Néstor Kirchner n’est plus

Néstor Kirchner est mort. Les Argentins sont descendus, en masse, dans la rue, pour pleurer l’homme politique le plus important de la décennie. « Émotion et perplexité dans tout le pays », titrait « La Nación ».

Les 27, 28 et 29 octobre derniers, l’Argentine connaissait trois jours de deuil national, un peu plus d’un an après le précédent, décrété pour la mort de la chanteuse Mercedes Sosa. L’état de choc était palpable, notamment dans les rues de Buenos Aires…

Spontanément, dès que la nouvelle fut sue, des milliers de porteños se sont rejoints sur la Plaza de Mayo rapidement bondée, entre recueillement et démonstrations communicatives d’hommage ou d’abattement. Même si la spontanéité de ces rassemblements a été remise en question par de nombreux observateurs, l’inquiétude était assurément présente.

Secrétaire général de l’UNASUR, député, leader du Partido Justicialista, Néstor Kirchner, 60 ans, était encore aux affaires, d’autant que s’il avait quitté la présidence du pays en 2007 après un mandat de quatre ans, il n’avait pour ainsi dire pas quitté le pouvoir lorsque son épouse s’installait à sa suite dans la Casa Rosada. Aussi, à l’émotion des Argentins s’est vite ajoutée une double inquiétude : celle de savoir si Cristina Kirchner était en mesure de gouverner, seule, le pays, et celle liée au renforcement de l’incertitude pour ce qui est des élections présidentielles d’octobre 2011.

Incertitude

« Malheur au peuple qui a besoin de héros », écrivait Hegel. L’Argentine, toutefois, ne semble pas dans l’incapacité de vivre sans héros, sauf à penser qu’elle s’en trouve et en change facilement. L’avenir politique dépend de la manière dont Cristina Kirchner va capitaliser l’émotion générée par le décès de son époux. Une des questions est de savoir si la nouvelle héroïne peut assouplir ses relations avec l’opposition.

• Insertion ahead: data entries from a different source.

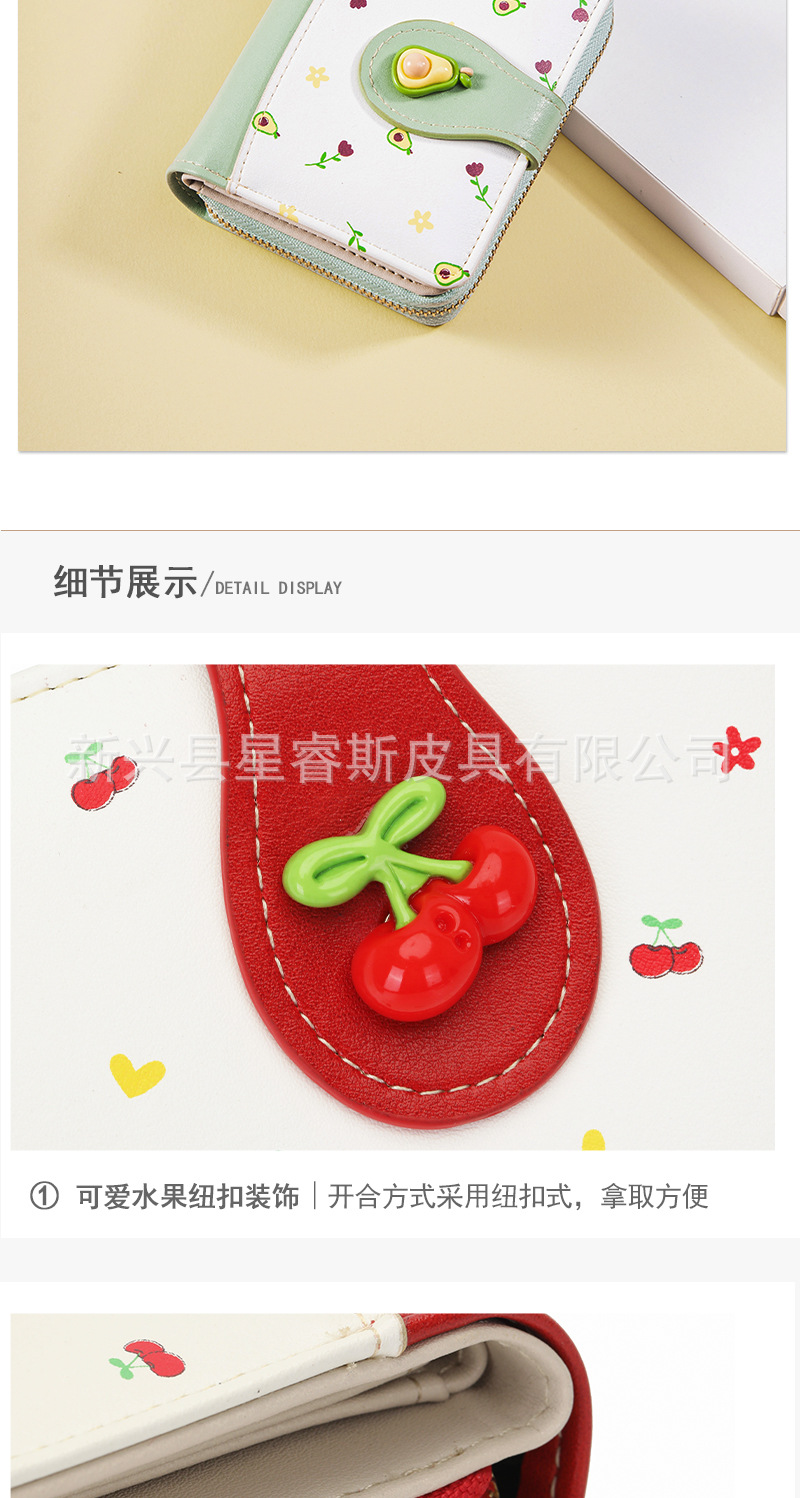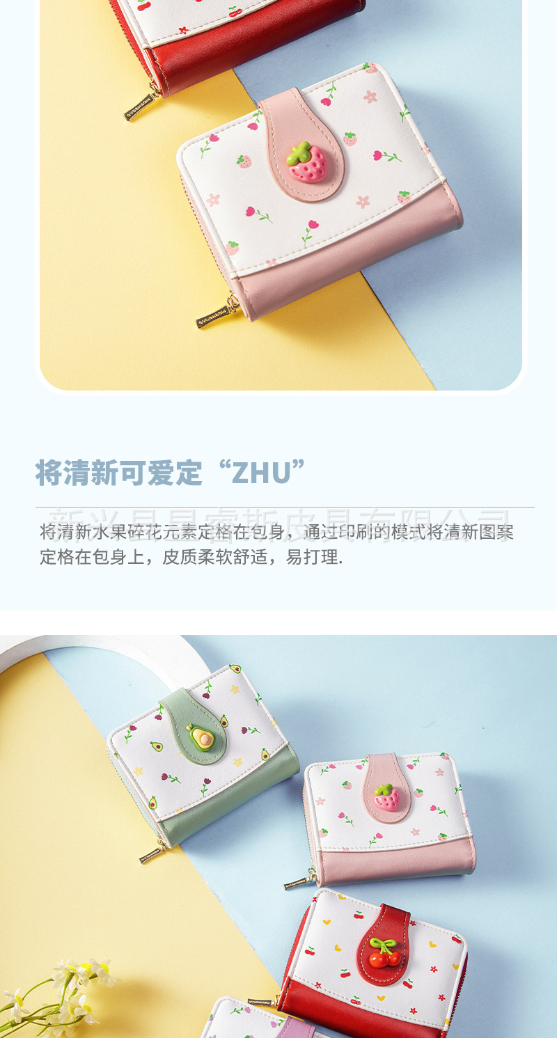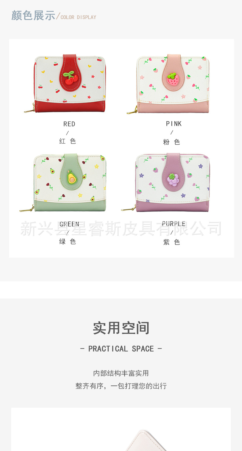 새로운 스타일의 크로스보더 상큼한 과일 디자인 여성 지갑, 은행카드 및 신용카드 수납 가방, 지퍼형 학생용 동전 지갑스토어 가기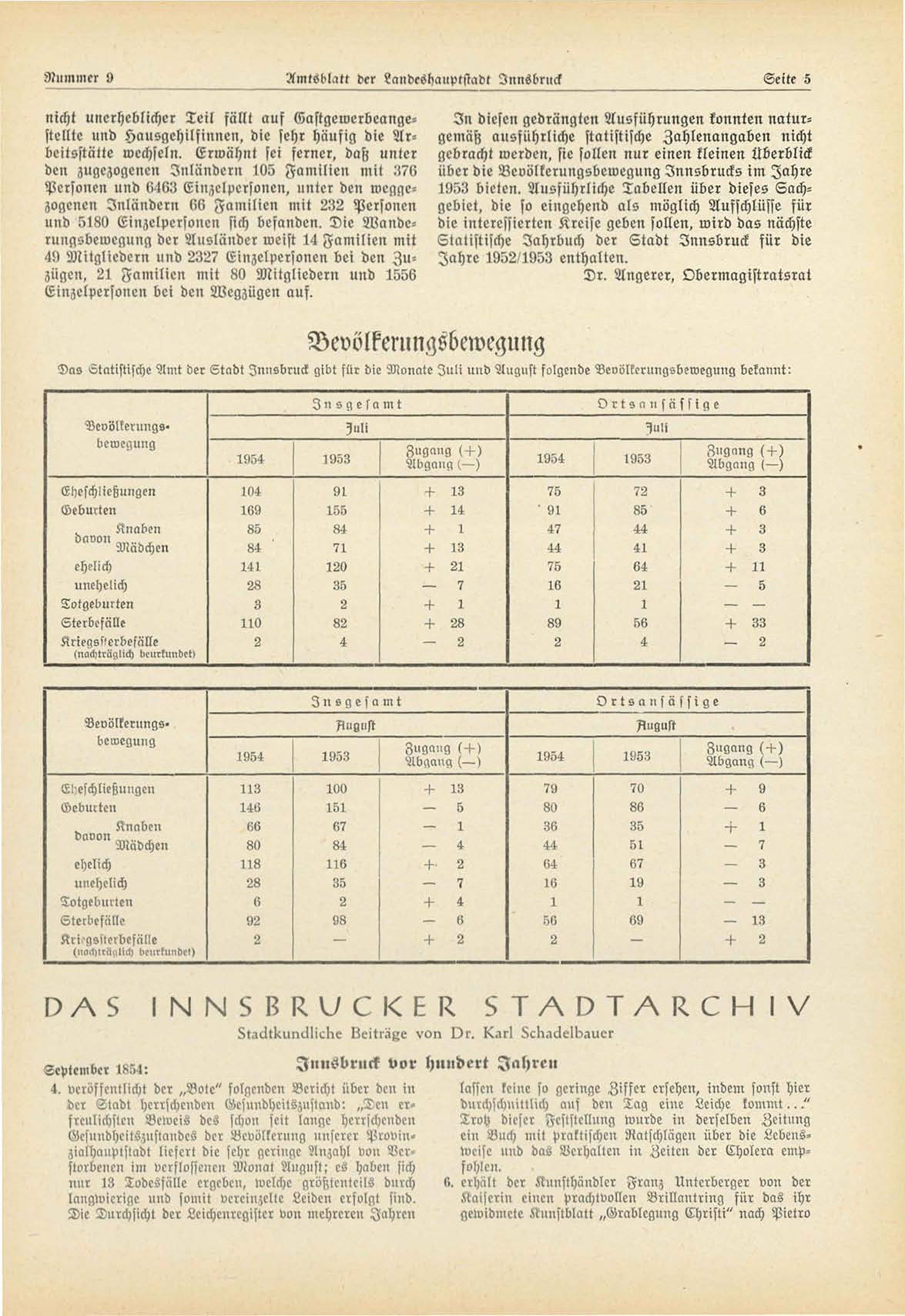 Das Statistische Amt der Stadt Innsbruck gibt für die Monate J u l i und August folgende Veoölkerungsbewegung bekannt: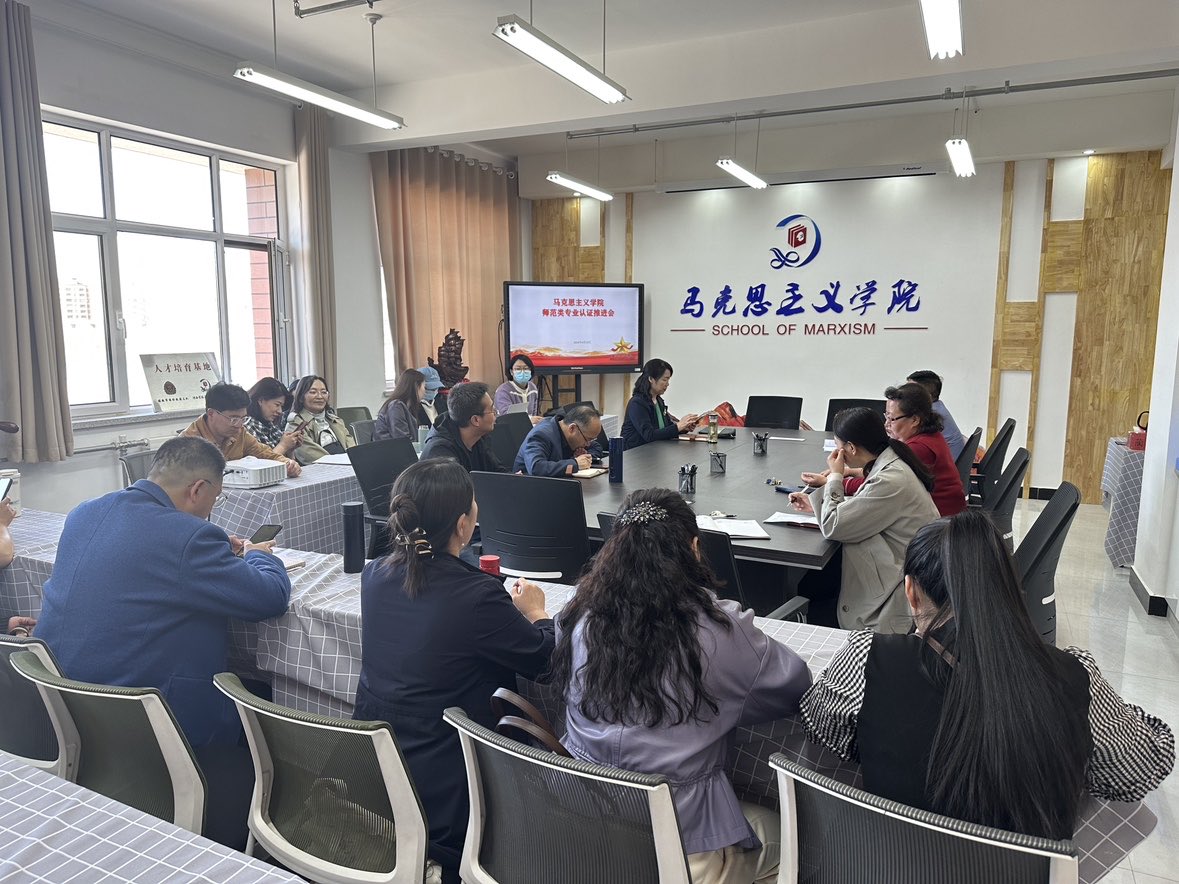 会议传达了公司师范专业认证和本科公司产品审核评估工作推进会议精神,总结了前阶段,围绕思想政治教育专业人才培养方案,安排部署下一阶段的工作重点和任务分工,要求严格按时间节点完成自评报告撰写、支撑材料梳理、教学管理文件汇编、教学档案自查自检等工作。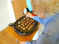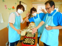 6階では、たこ焼きパーティーを行いました\(^o^)/当初はおひとり様3個を召し上がっていただく予定でしたが、大好評で、皆様、たくさんおかわりをされていました。入居者様にも焼くのを手伝って頂き、わいわい、楽しい1日になりました✿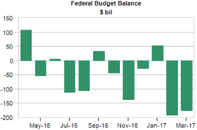 Ein höheres Defizit im Federal Budget, das für eine Teilmenge im öffentlichen Haushalt steht, fiel mit 176,2 Mrd. USD höher aus mit 167 Mrd. USD prognostiziert wurde. Im März vor einem Jahr lag der Wert noch deutlich niedriger bei 108 Mrd. USD. Besonders auffällig ist der Umstand, dass die öffentlichen Einnahmen um knapp 5% zurück ging. Dramatisch knickten die Unternehmenssteuern im Berichtsmonat um 61,3% ein.

La mort de François Mitterrand, en janvier 1996, 8 mois après le terme de son mandat, n’avait pas transformé l’Elysée en chapelle ardente et Paris en cortège funèbre mouvementé. Toutefois, si le lien entre le peuple et son ancien Président avait paru moins affectif, le choc avait été tangible, et les obsèques, émouvantes, pour ceux qui voyaient en l’homme, public et privé, un héros. Lorsqu’un Président meurt, il le fait en héros.